Berita

Kalau Menurut Beliau Kausnya Nggak Bisa Ganti Presiden, Ya Tidak Perlu Risau

Kanigoro.com – Gerakan #2019GantiPresiden yang semakin masif mendapat sindiran dari Presiden Jokowi. Dalam Konvensi Nasional Galang Kemajuan 2018 di Ballroom Puri Begawan, Bogor Jawa Barat, Sabtu (7/4). Jokowi mengatakan yang berhak mengganti presiden adalah rakyat. Tentu semua itu juga atas kehendak Allah SWT.

“Kalau rakyat berkehendak bisa, kalau rakyat nggak mau bisa. Yang kedua, ada kehendak dari Allah SWT,” katanya yang disambut tepuk tangan relawan. “Masak pakai kaus itu bisa ganti presiden? Nggak bisa,” tambahnya.

Lalu apa respon PKS terhadap sindiran Jokowi? Mantan Presiden PKS Hidayat Nurwahid berkata:

“Ya kalau menurut beliau kausnya nggak bisa ganti presiden, ya tidak perlu risau,” ujar Wakil Ketua Majelis Syuro PKS seperti dikutip Detik.com, Sabtu(7/4/2018).

PKS sebelumnya sudah berulang kali menyatakan bahwa gerakan #2019GantiPresiden adalah konstitusional. Pergantian tersebut akan diwujudkan melalui lewat jalur Pilpres 2019.
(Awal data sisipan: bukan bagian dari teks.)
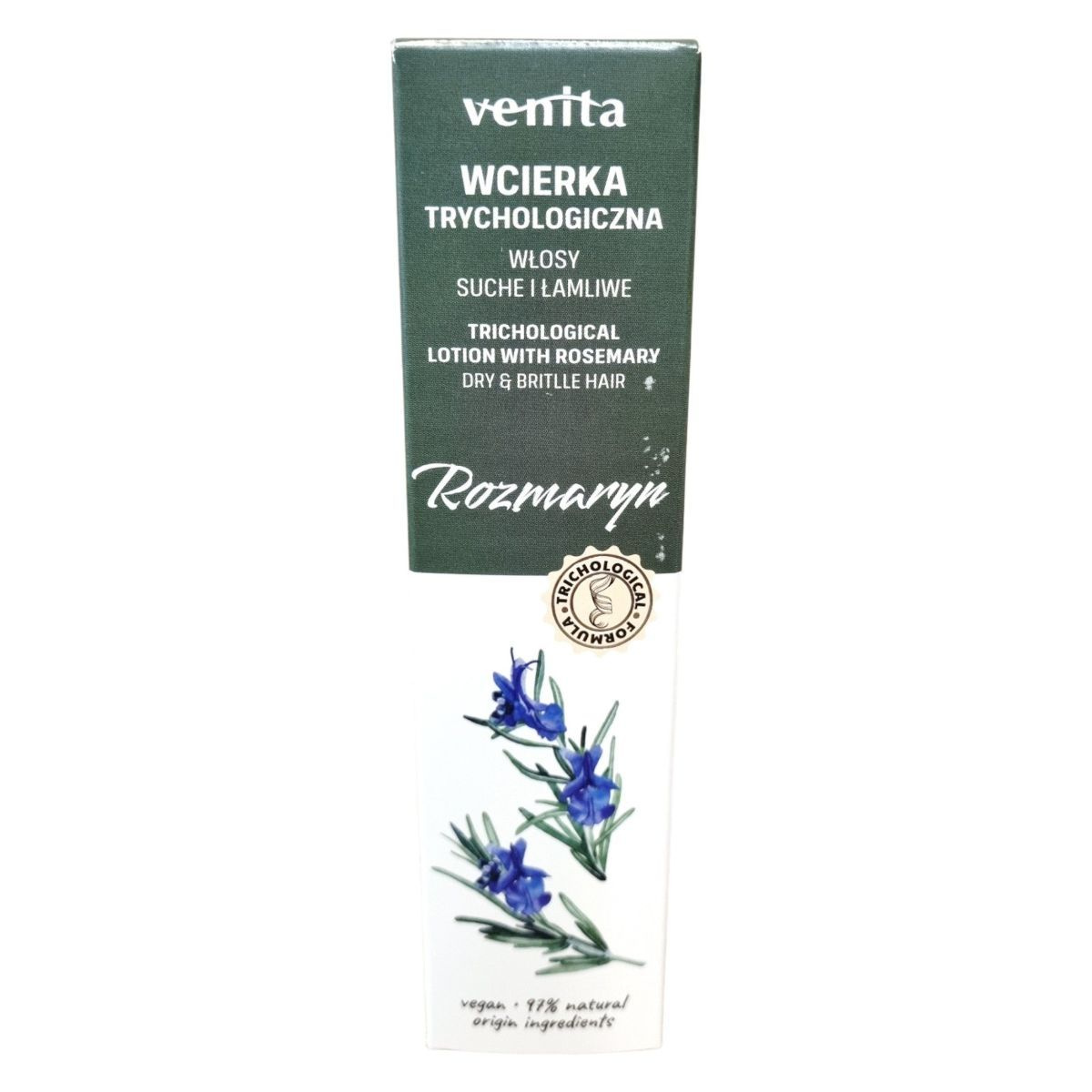 A Venita Trichological Lotion rozmaring kivonattal készült, kifejezetten száraz és töredezett hajra. A termék formulája trichológiai tesztekkel igazolt hidratáló hatással rendelkezik. Rendszeres használata javíthatja a haj állapotát, növelheti rugalmasságát és természetes fényt adhat. A rozmaring tradicionális gyógynövény, melyet évezredek óta használnak a hajápolásban; vitaminokban és ásványi anyagokban gazdag. A hajszesz újrahasznosított palackban kerül forgalomba, környezettudatos, vegán formulával. A haj könnyebben kifésülhetővé és formázhatóvá válhat, miközben a természetes szépségét is megőrzi.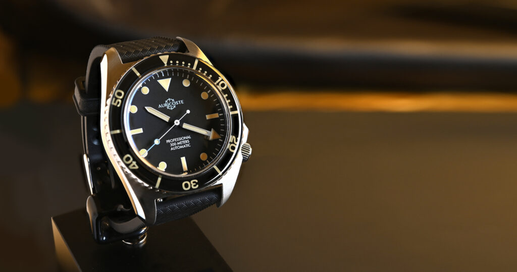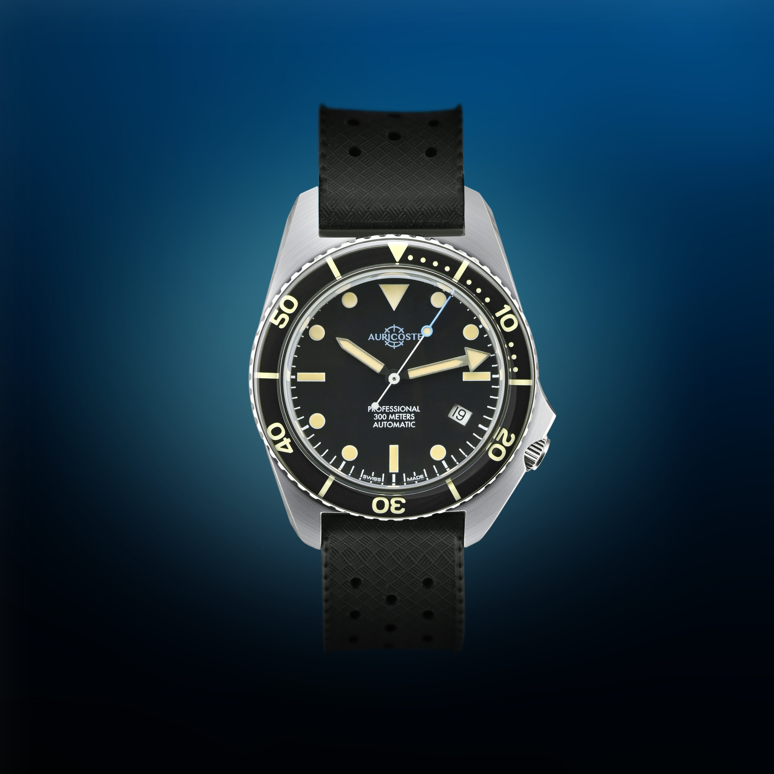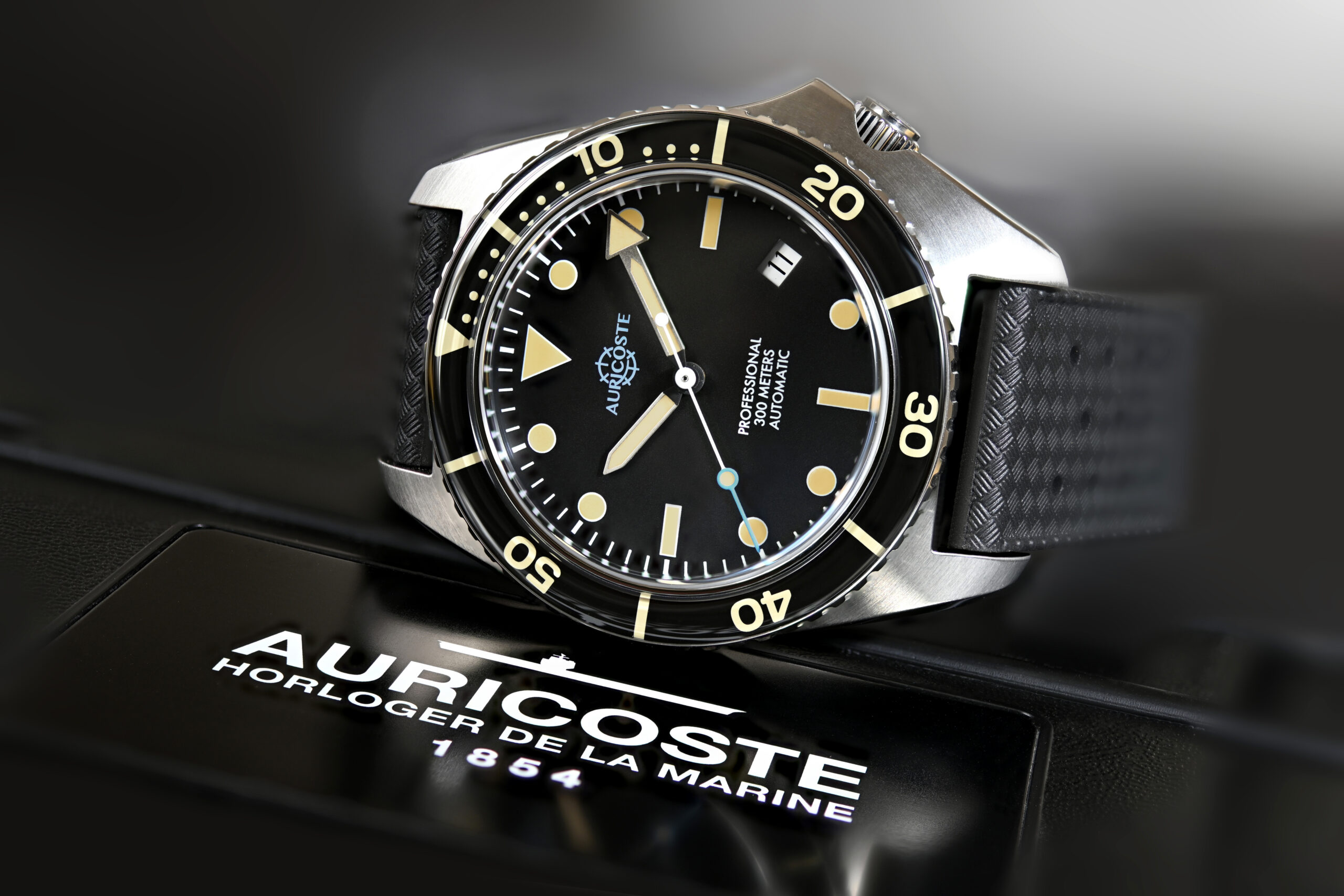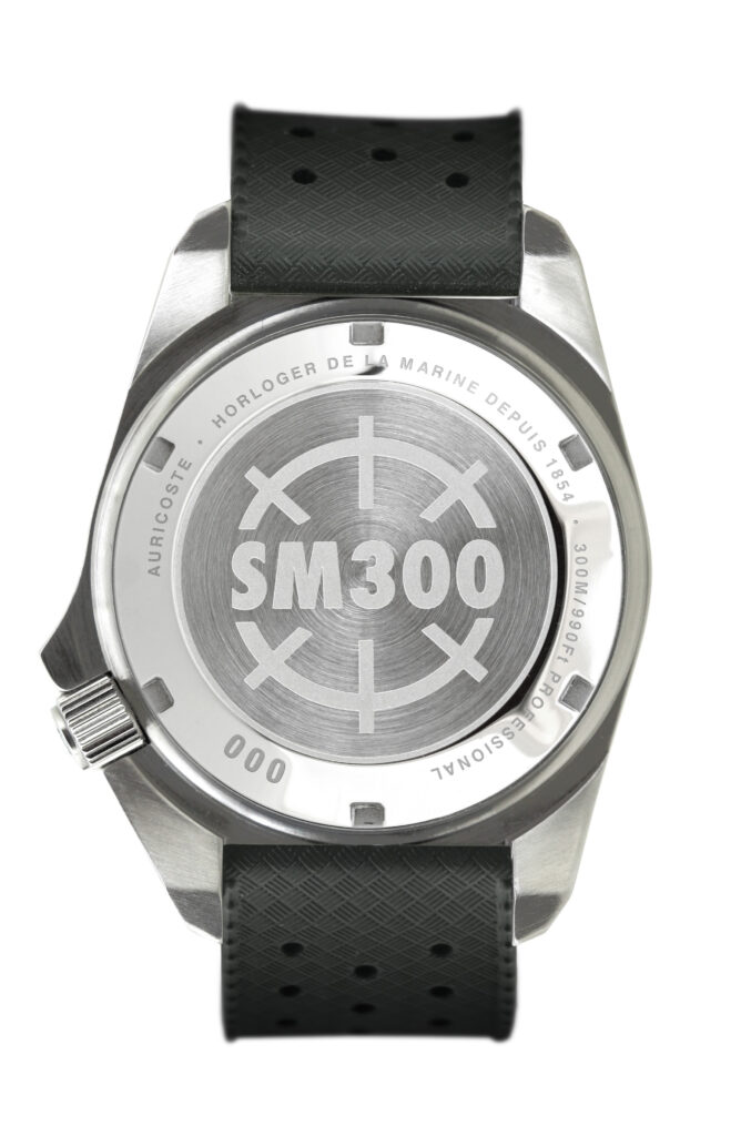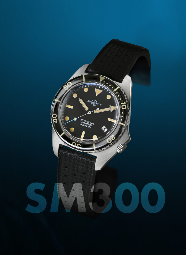 Digne héritière de la célèbre plongeuse des nageurs de combats et plongeurs démineurs de la Marine Nationale, la nouvelle Auricoste SM300 évolue à 300 mètres de profondeur, se dote d’un boitier en acier brossé 316L de 40mm, d’un verre saphir « Dôme » et d’une lunette bombée, elle aussi en verre saphir, pour un look vintage.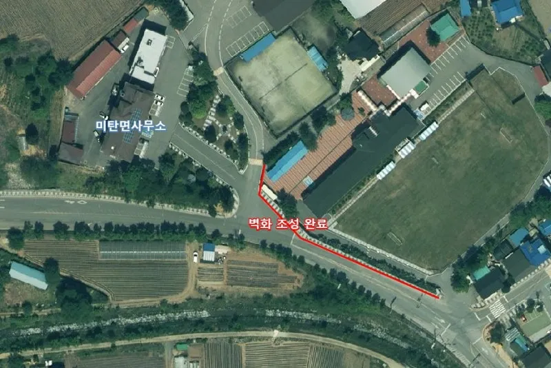 📍미탄중학교 방음벽은 면사무소 입구에 자리해 청옥산 육백마지기를 찾는 차량이 반드시 지나치는 길목으로, 그동안 지역 이미지를 대표하는 관문 역할을 해왔습니다. 하지만 표면이 고르지 못한 방음벽 특성상 도색이 어렵고, 기존 도색 제거 또한 까다로워 사업 추진에 어려움이 있었습니다.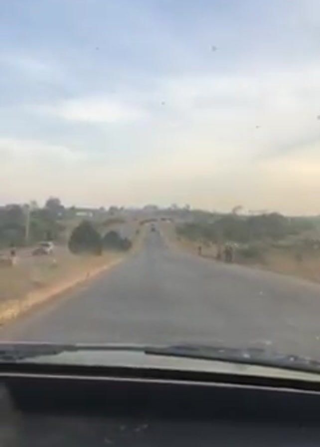 view from inside a moving vehicle, driving on a straight, paved road through a rural area. The road has yellow lines on each side. There are scattered trees and vegetation along the sides of the road, and a few buildings in the distance. Several people are walking along the road, some of whom appear to be standing on the side of the road. Utility poles are visible along the road. The sky is partly cloudy with a pale blue color. The dashboard of the vehicle is visible in the foreground, with a few droplets on the windshield.
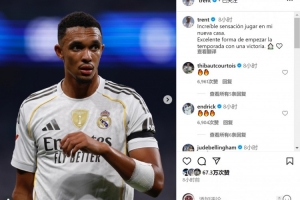 阿諾德此役為皇馬首發(fā)出戰(zhàn),上演西甲首秀,賽后他在社交媒體上慶祝勝利:“在我的新主場踢球感覺太棒了,勝利是開啟新賽季的完美方式?!?/p>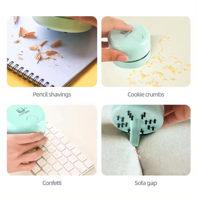 Our vacuum cleaner is an ergonomic and useful solution for your cleaning needs. You can easily reach any corners and crevices when cleaning the space between large, hard-to-move objects. Switch to battery power with 2 AA batteries (not included), so you can use the mini vacuum anywhere! Cordless convenience helps you get rid of the annoying cord, and you don't need to plug and change the plug frequently. Just hold and move it with your hands; students and the elderly can also easily operate it. Our table cleaner can avoid annoying little messy lives and clean houses and cars. Our desktop vacuum cleaners are made of high-quality transparent plastic acrylic. More powerful and safer.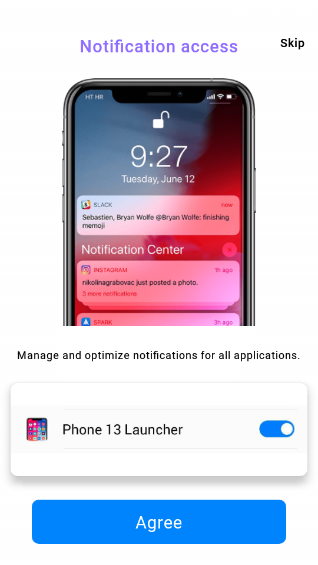 2、为提升模拟真实度,建议手动开启通知使用权限;若不愿授权,可点击“Skip”跳过此步骤。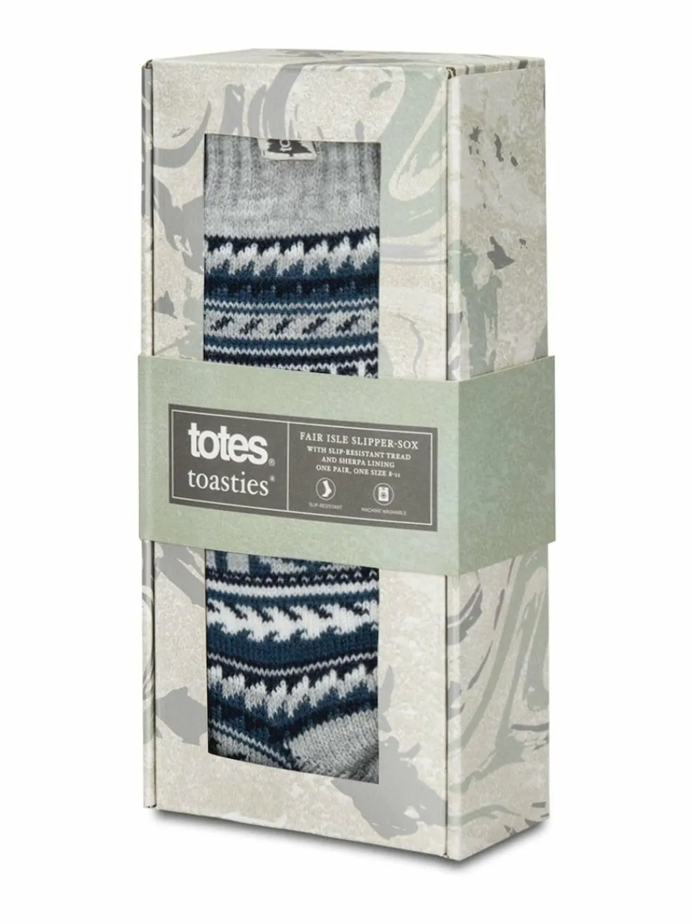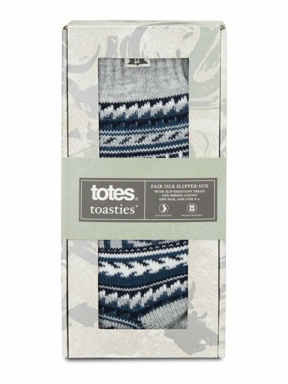 Sale Totes Blue Toasties Mens Sherpa Lined Fair Isle Slipper Socks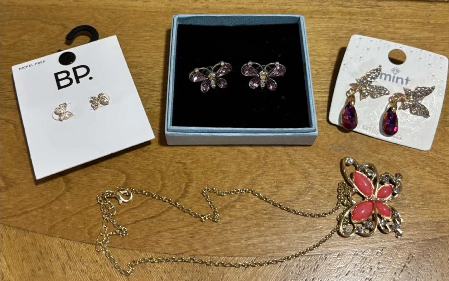 Selling a cute collection of butterfly-themed jewelry! There's a pair of BP. stud earrings, butterfly earrings in a box, and mint butterfly earrings with purple drops. Plus, a lovely gold-tone necklace.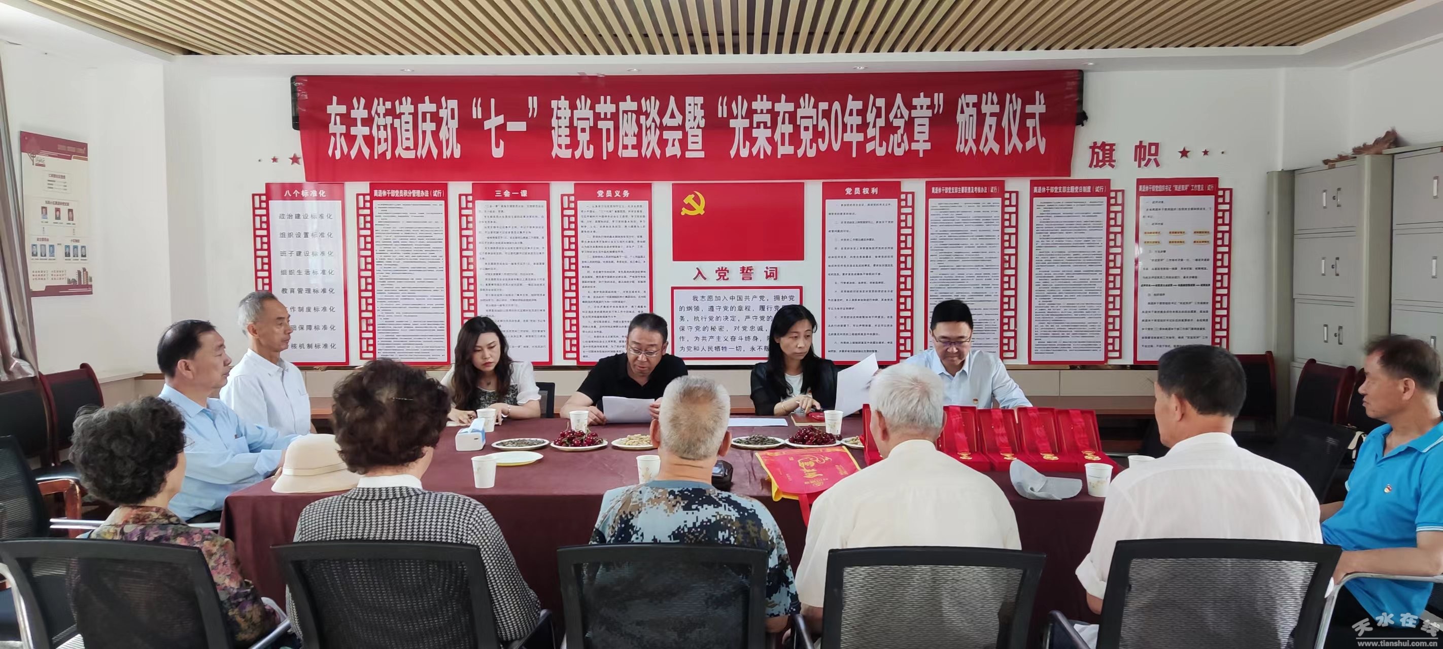 6月24日,东关街道召开庆祝“七一”建党节座谈会暨“光荣在党50年纪念章”颁发仪式。仪式上,为六位党员颁发了纪念章,所有党员面对党旗重温了入党誓词。几位老党员纷纷追忆起自己的入党初心,从自身的工作经历、生活变化谈了谈祖国的发展。他们表示要发挥党员的先锋模范作用,为党的伟大事业,为国家富强、民族振兴奉献一份自己的力量。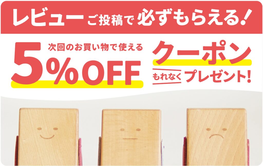 レビュー投稿で5%OFFクーポンがもらえる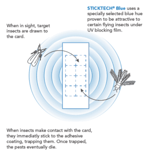 - Sticktech – uses blue or yellow sticky cards which are placed between 10 – 15 cm above the plant canopy.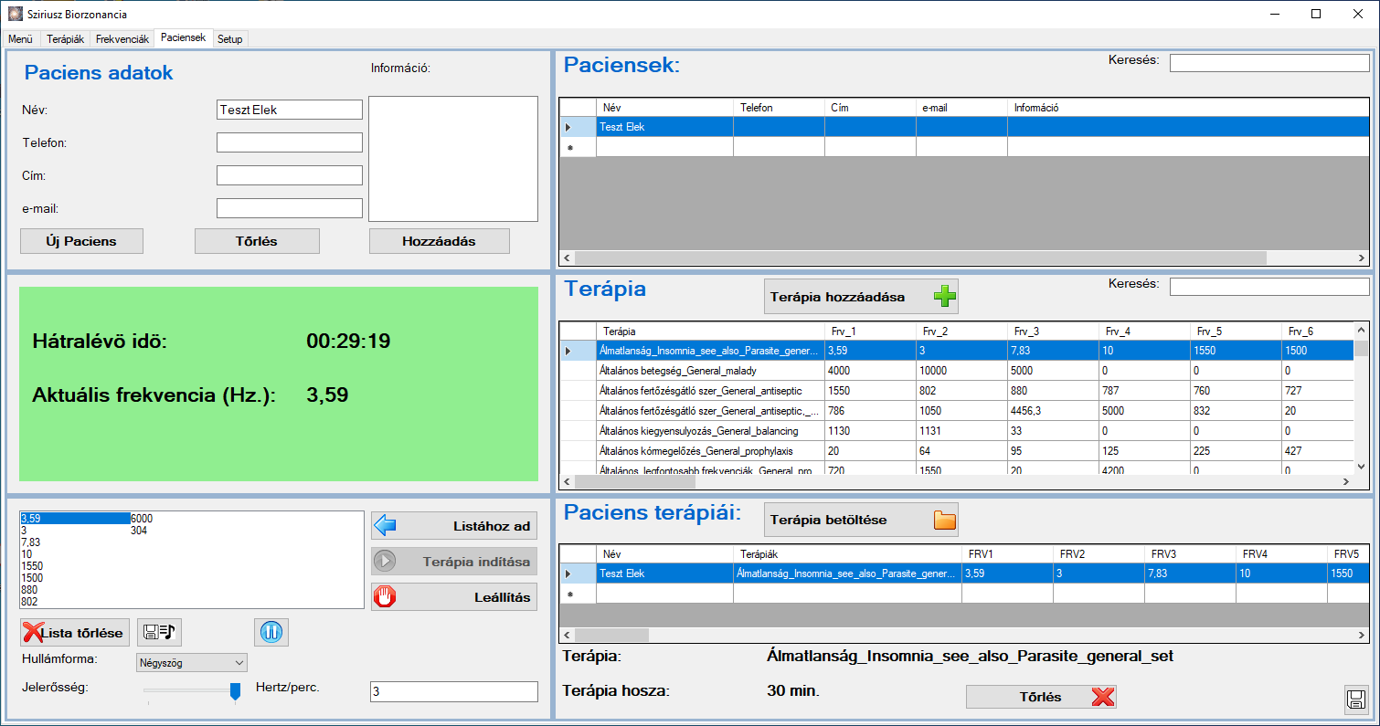 Ezen az oldalon felvehetünk pácienseket, akikhez személyre szabott frekvencia sorokat adhatunk hozzá. Egyedi frekvencia fájl megnyitására is van lehetőség, ami a program által testelemzést követően jön létre vagy akár külső forrásból is származhat. A megnyitandó fájlnak megfelelő “csv” formátumban kell lennie (Név; Terápia neve; Frekvencia értékek;....) Az összeállított frekvencia sorokat egyesével vagy akár egymás után is futtathatjuk.
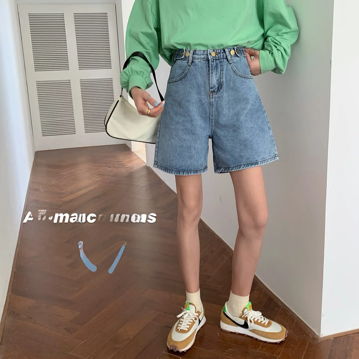 High Waist Denim Five-Quarter orts Women’s Spring Summer plus Size Slimming Loose Versatile Wide Leg A-Line Hot Pants

Menurut Hidayat, Jokowi memang seharusnya tidak risau atas gerakan #2019GantiPresiden.  Menurutnya, Pilpres 2019 sudah diatur di UU Pemilu, melalui aturan tentang syarat pengajuan calon presiden yang memungkinkan ada calon lawan Jokowi untuk memperebutkan kursi RI-1. UU Pemilu mengatur syarat ambang batas capres sebesar 20-25%.

Ganti Presiden 2019
#2019GantiPresiden

Tokoh PKS Mardani Ali Sera merupakan penggagas gerakan #2019GantiPresiden dan kini populer dan menjadi tren di berbagai kalangan. Merchandise dan gimmick dalam bentuk kaos semakin tersebar di media sosial.

“Memang ini kegiatan tidak perlu dipersepsikan sebagai sesuatu yang inkonstitusional. Ini kan sama saja dengan yang membuat hashtag Jokowi dua kali dan pada tingkat sisi legal demokrasi, menyukseskan Pemilu 2019, dua-duanya adalah harapan rakyat Indonesia,” sebut dia.

Sementara sebelumnya, Mantan Ketua Umum PAN M Amien Rais menyatakan dukungan pada gerakan #2019GantiPresiden.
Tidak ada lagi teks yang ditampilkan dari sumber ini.